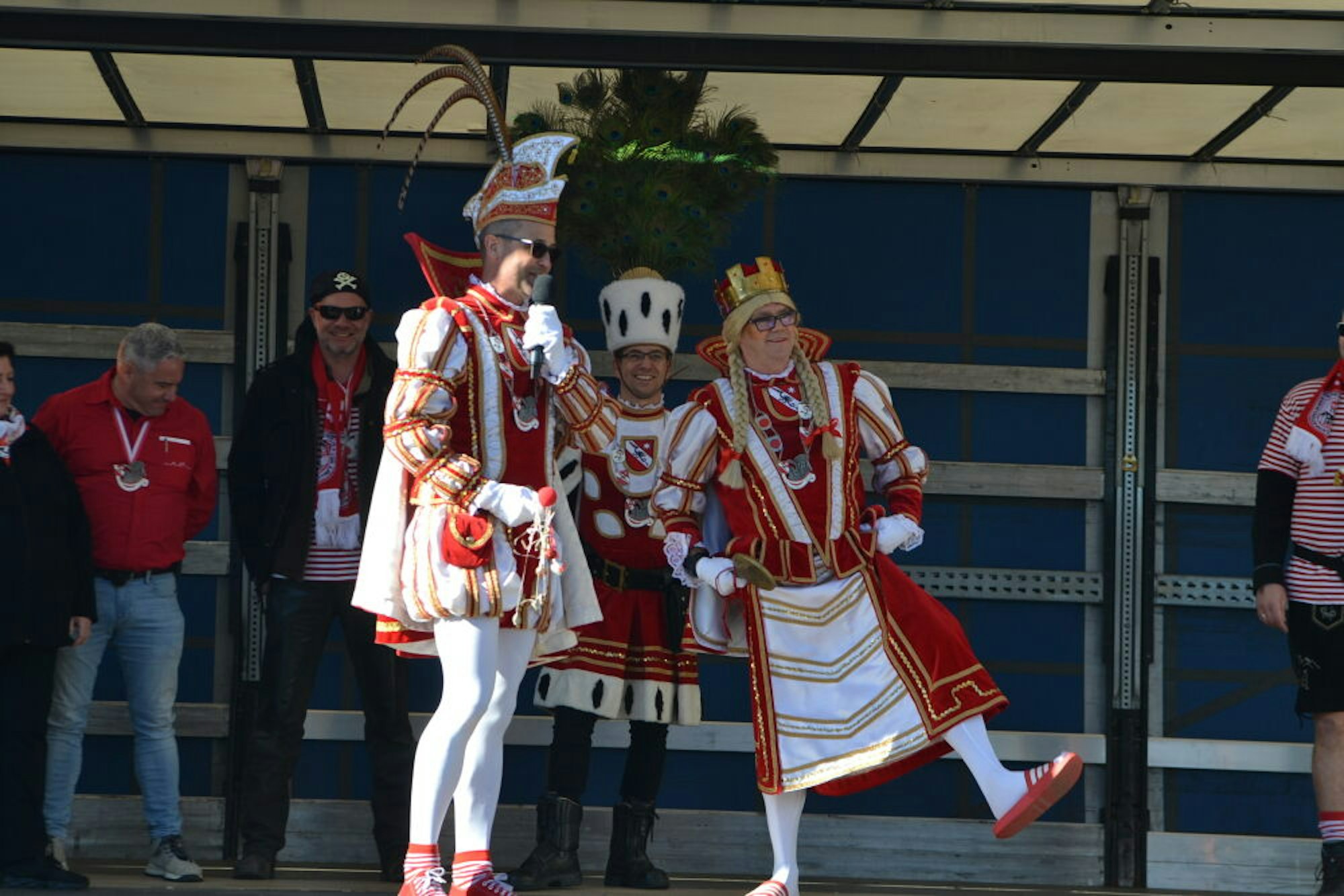 Euskirchen-Palmersheim – „Bei meiner Proklamation hätte ich mir nicht träumen lassen, dass ich heute schon die dritte Session als Prinz mit euch feiern kann“, erklärte Prinz Martin II. (Königshoven), während er die Jecken vor dem Palmersheimer Dorfgemeinschaftshaus willkommen hieß. Zwar sei das Zepter der Flut zum Opfer gefallen und auch Jungfrau Dirklinde (Dirk Dietrich) hatte das Schuhwerk durch Adiletten ersetzen müssen: An der Freude Karneval zu feiern, habe dies aber nichts geändert.
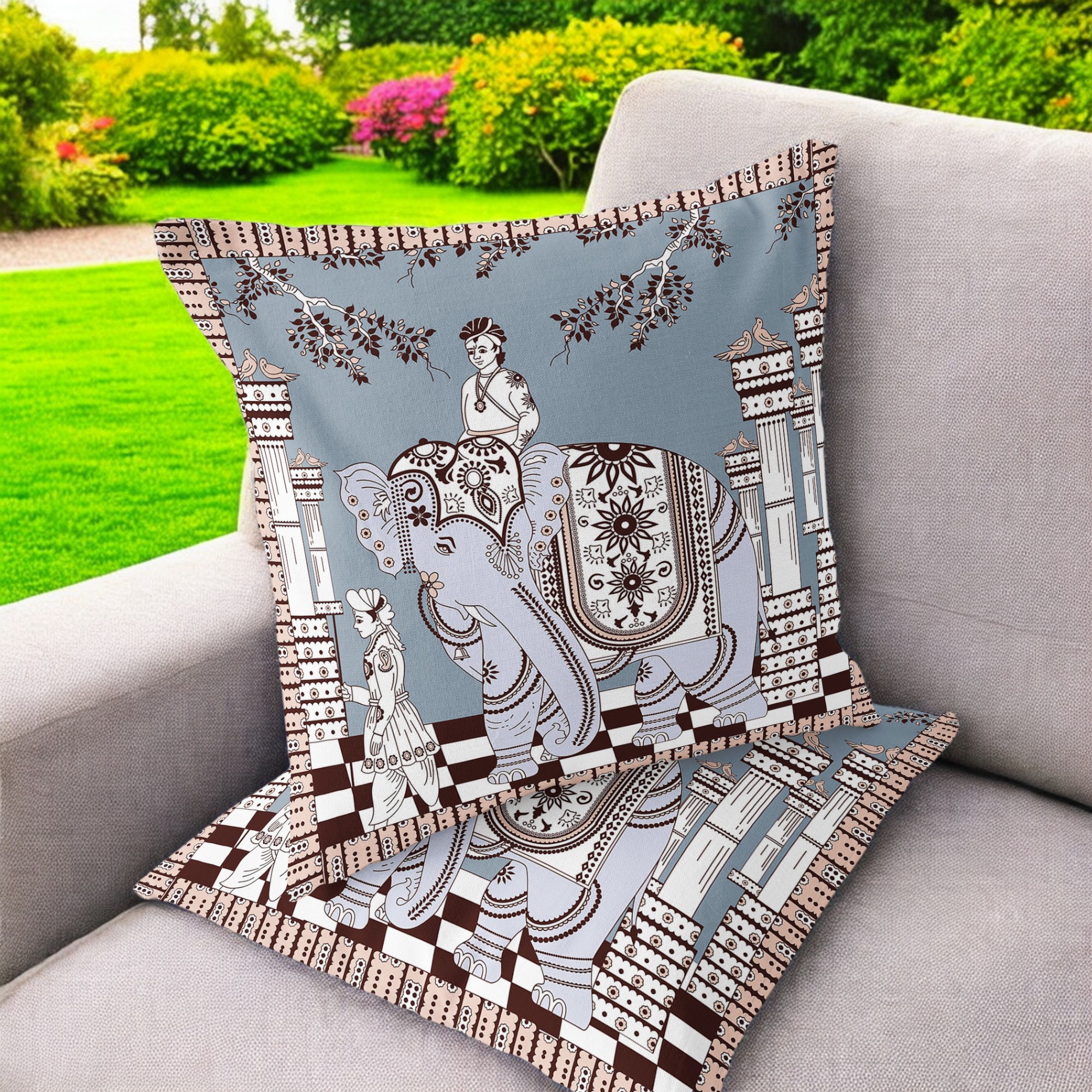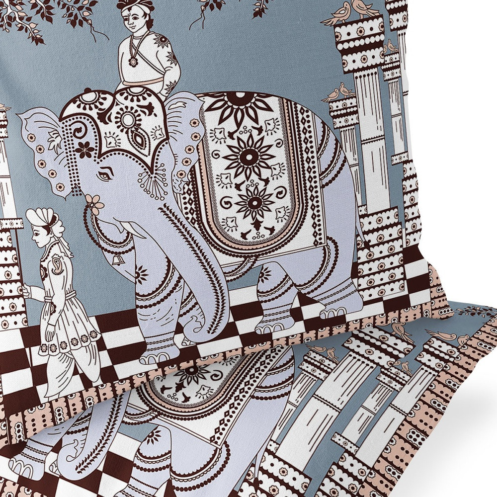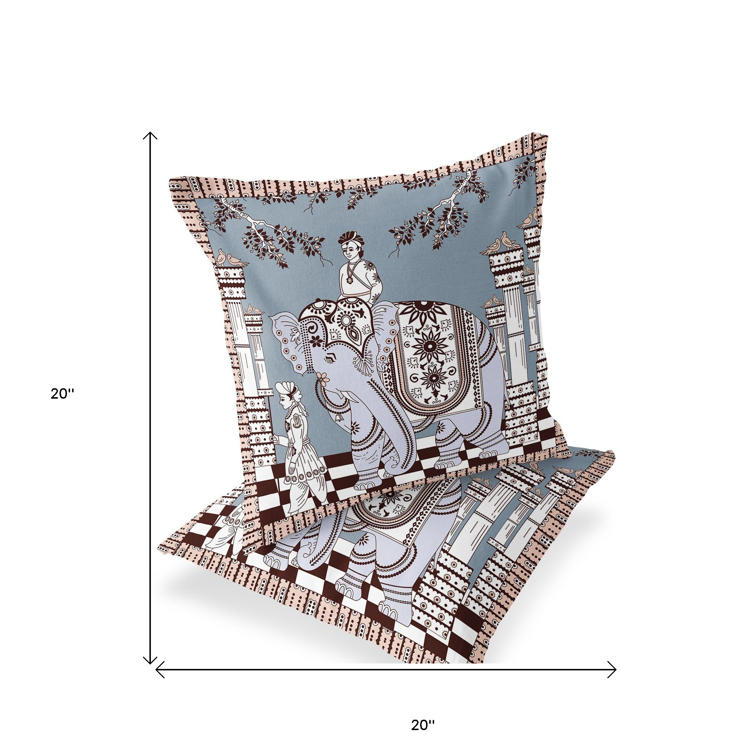 Palace Elephant Indoor/Outdoor Set of 2 Pillows in Light Blue on Muted Brown
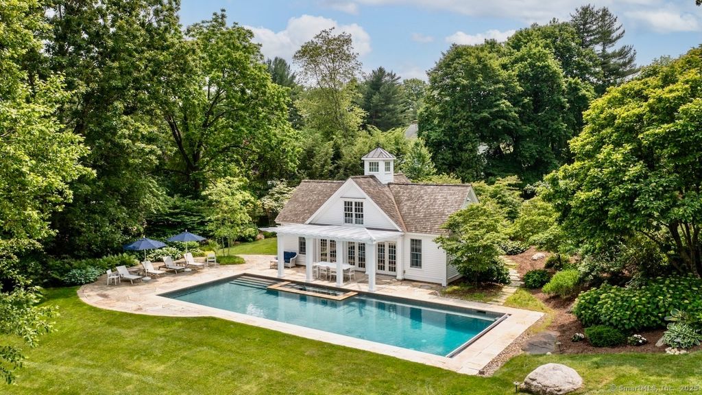Luxury Living on the Fairfield/Westport Border. "Sturges Manor" is an exceptional 6-bedroom, 8-bath estate that offers a rare combination of privacy, elegance, and resort-style amenities - just minutes from the Post Road and 50 miles from NYC. Enjoy multiple town centers and restaurants. The house features expansive, sun-filled interiors ideal for everyday living and entertaining. Recently refreshed with new paint and carpeting, the home includes a formal living and dining room, a large eat-in kitchen, and generously sized family spaces throughout. The finished lower level is designed for wellness and fun, with a 6-person sauna, steam shower, and a spacious game/media room. A third-floor flex space offers the perfect spot for a yoga studio, home office, or quiet retreat. The outdoor experience is equally impressive: a heated saltwater pool and spa, tranquil ponds, a cascading waterfall, and lush manicured lawns set the tone for relaxed luxury. Entertain with ease using the fully equipped outdoor kitchen and fire pit, or shoot hoops on your basketball court. Additional highlights include a full gym, wine cellar, elevator servicing all levels, and two separate 3-car garages-ideal for collectors. A pre-paid landscaping contract through 2031 ensures the grounds remain pristine year-round. Close proximity to some the CT's best private and public schools. This is an extraordinary opportunity to enjoy the best of Fairfield County in a setting that feels like a private resort
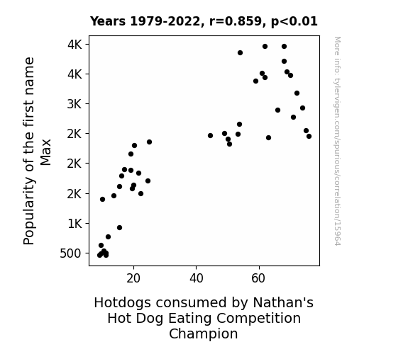 This means 73.8% of the change in the one variable (i.e., Hotdogs consumed by Nathan's Hot Dog Eating Competition Champion) is predictable based on the change in the other (i.e., Popularity of the first name Max) over the 44 years from 1979 through 2022.
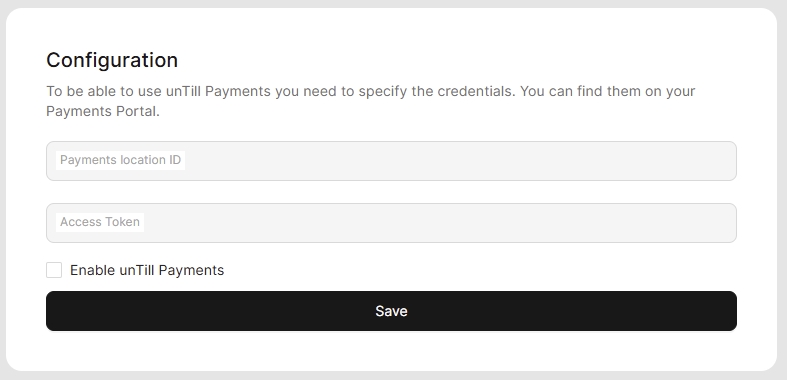 En Back Office > Ajustes > unTill Payments, indica la clave de acceso copiada previamente.
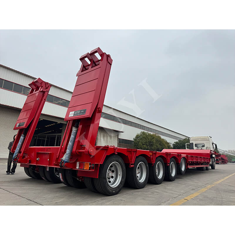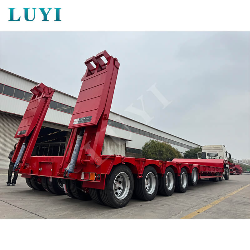 LUYI 5-Axle 180-Ton 5-Line 10-Axle Lowboy Trailer, joka valmistettiin alun perin Shandongin maakunnassa, Kiinassa, on upouusi puoliperävaunu, joka on suunniteltu erityisesti kuorma-autojen perävaunusovelluksiin. Se täyttää raskaan kuorman kuljetustarpeet suurella kantavuudellaan ja vahvalla vakaudellaan.
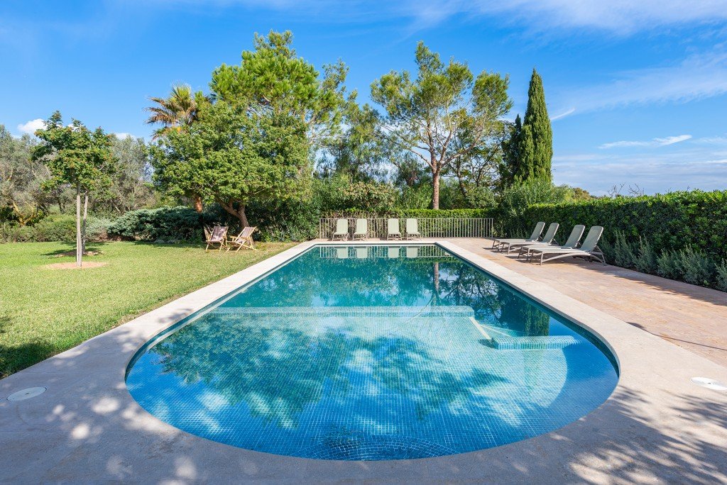 Die wunderschön angelegten Gärten sind perfekt gepflegt, und der großzügige Pool übertrifft die übliche Größe – ein Vorzug aus der Zeit der Errichtung um das Jahr 2005, als noch ein größeres Bauvolumen erlaubt war.
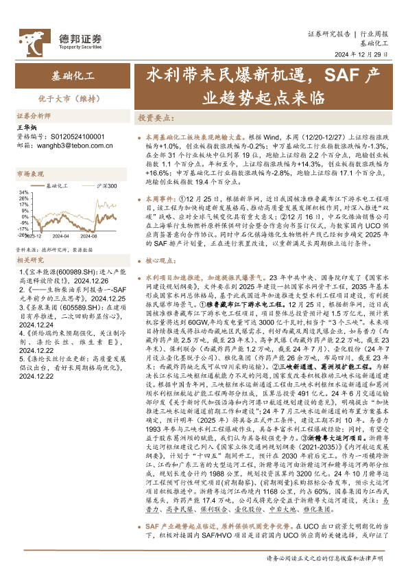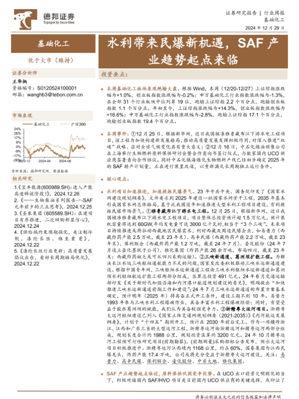 【德邦证券】【20241229】基础化工行业周报:水利带来民爆新机遇,SAF产业趋势起点来临-44页

**To do:**
Write out every line above again exactly, with the pictures left out.

**Solution below:**
 Euskirchen-Palmersheim – „Bei meiner Proklamation hätte ich mir nicht träumen lassen, dass ich heute schon die dritte Session als Prinz mit euch feiern kann“, erklärte Prinz Martin II. (Königshoven), während er die Jecken vor dem Palmersheimer Dorfgemeinschaftshaus willkommen hieß. Zwar sei das Zepter der Flut zum Opfer gefallen und auch Jungfrau Dirklinde (Dirk Dietrich) hatte das Schuhwerk durch Adiletten ersetzen müssen: An der Freude Karneval zu feiern, habe dies aber nichts geändert.
 Palace Elephant Indoor/Outdoor Set of 2 Pillows in Light Blue on Muted Brown
Luxury Living on the Fairfield/Westport Border. "Sturges Manor" is an exceptional 6-bedroom, 8-bath estate that offers a rare combination of privacy, elegance, and resort-style amenities - just minutes from the Post Road and 50 miles from NYC. Enjoy multiple town centers and restaurants. The house features expansive, sun-filled interiors ideal for everyday living and entertaining. Recently refreshed with new paint and carpeting, the home includes a formal living and dining room, a large eat-in kitchen, and generously sized family spaces throughout. The finished lower level is designed for wellness and fun, with a 6-person sauna, steam shower, and a spacious game/media room. A third-floor flex space offers the perfect spot for a yoga studio, home office, or quiet retreat. The outdoor experience is equally impressive: a heated saltwater pool and spa, tranquil ponds, a cascading waterfall, and lush manicured lawns set the tone for relaxed luxury. Entertain with ease using the fully equipped outdoor kitchen and fire pit, or shoot hoops on your basketball court. Additional highlights include a full gym, wine cellar, elevator servicing all levels, and two separate 3-car garages-ideal for collectors. A pre-paid landscaping contract through 2031 ensures the grounds remain pristine year-round. Close proximity to some the CT's best private and public schools. This is an extraordinary opportunity to enjoy the best of Fairfield County in a setting that feels like a private resort
 This means 73.8% of the change in the one variable (i.e., Hotdogs consumed by Nathan's Hot Dog Eating Competition Champion) is predictable based on the change in the other (i.e., Popularity of the first name Max) over the 44 years from 1979 through 2022.
 En Back Office > Ajustes > unTill Payments, indica la clave de acceso copiada previamente.
 LUYI 5-Axle 180-Ton 5-Line 10-Axle Lowboy Trailer, joka valmistettiin alun perin Shandongin maakunnassa, Kiinassa, on upouusi puoliperävaunu, joka on suunniteltu erityisesti kuorma-autojen perävaunusovelluksiin. Se täyttää raskaan kuorman kuljetustarpeet suurella kantavuudellaan ja vahvalla vakaudellaan.
 Die wunderschön angelegten Gärten sind perfekt gepflegt, und der großzügige Pool übertrifft die übliche Größe – ein Vorzug aus der Zeit der Errichtung um das Jahr 2005, als noch ein größeres Bauvolumen erlaubt war.
 【德邦证券】【20241229】基础化工行业周报:水利带来民爆新机遇,SAF产业趋势起点来临-44页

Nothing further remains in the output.